Fill-in presenters for the bulletins include news presenters Aislin Kriukelis, Alison Ariotti, Paul Taylor and Wendy Kingston.

The bulletin is simulcast in Brisbane on commercial radio station River 94.9, across regional Queensland on WIN Television and throughout remote eastern and central Australia on Imparja Television. As of September 2017, weekend bulletins also air in Darwin.

Since 2014, QTQ-9 has produced local editions of Nine Live Queensland (as well as the Morning News until it was axed in October 2017) on weekdays. The bulletin is presented by Paul Taylor (Monday – Wednesday) and Alison Ariotti (Thursday – Friday) with sport presenters Jonathan Uptin (weeknights) and weather presenters Garry Youngberry (Monday – Thursday) and Luke Bradnam (Friday).

===Presenter history===
Wally Lewis was the weekday sports presenter until December 2006, when following an on-air incident, it was publicly revealed he had epilepsy. He returned to presenting weeknight sport during the 2007–2008 summer period, and also files sports reports. Chris Bombolas was the weekend sports presenter who preceded Steve Haddan, before resigning to become a politician. John Schluter was the weather presenter until his resignation in September 2006, to join rival Seven News Brisbane as the weekday weather presenter; his departure indirectly resulted in Nine News Queensland losing its long-time ratings lead to Seven News Brisbane in 2007; it was not until 2013 that they would regain the ratings lead.

Mike London formerly presented alongside Heather Foord until he resigned in June 2003, following allegations that he had arrangements for a female fan to complain about weeknight presenter Bruce Paige, who was co-presenting with Jillian Whiting at the time. London had swapped roles with Paige in the mid 1990s following the latter's return to the Nine Network.
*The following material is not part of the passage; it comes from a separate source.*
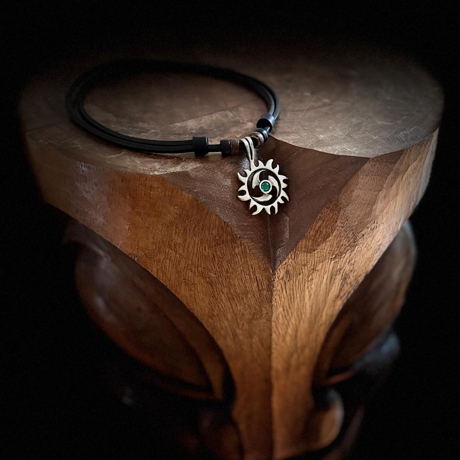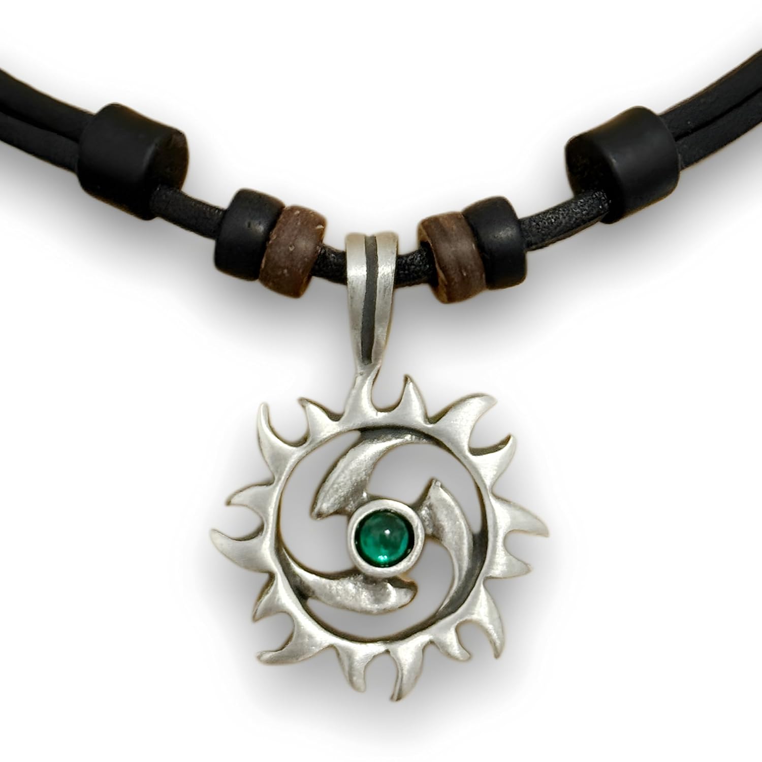 Schwarze Lederkette mit Anhänger in Form einer Sonne (Größe ca. 3 cm), verziert mit Jade-farbenem, grünem Schmuckstein, gefertigt aus feinstem, schadstofffreien Pewter / Einzigartiger Schmuck für Individualisten, der auch perfekt als Geschenk für jeden Anlass geeignet ist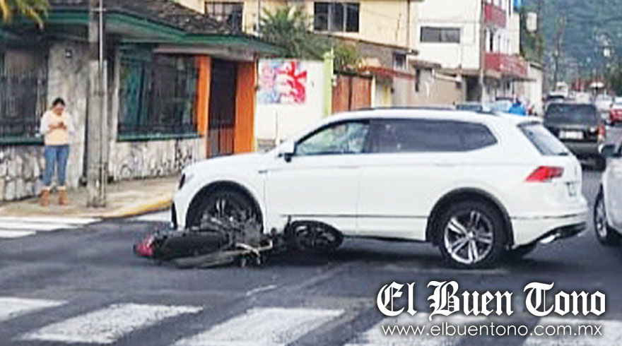 El accidente ocurrió ayer a las 11:00 horas, cuando un joven de aproximadamente 35 años, viajaba a bordo de una moto marca Italika, color negro con rojo, matrícula del estado de Veracruz, sobre la Oriente 9, en dirección al Mercado Zapata.

===2011 "Choppergate" incident===
On the bulletins of Nine News Queensland aired on 20 and 21 August 2011, newsreader Eva Milic conducted two crosses, one on each night, to reporters Melissa Mallet and Cameron Price, respectively, in the station's helicopter which claimed to be "near Beerwah", where the remains of murdered schoolboy Daniel Morcombe had been found earlier that month. The crosses were revealed to be fake when, on the second night, rival station Channel Seven filmed footage of the Nine helicopter sitting on the helipad outside their studios at Mount Coot-tha at the time of the broadcast. Radar footage also revealed that, on the first night, the helicopter was actually hovering over Chapel Hill, 70 km away from Beerwah. Both Mallet and Price, as well as news producer Aaron Wakeley, were sacked by the Nine Network following the incident, while news director Lee Anderson resigned in protest over the faked crossings. Despite the scandal, Nine experienced a spike in its 6:00 pm news ratings in the weeks that followed, managed to win more weeks than it did in the previous three years combined (winning seven of the 32 ratings weeks up to the first week of October), and recovered to reclaim its mantle as Queensland's most-watched news service by 2013.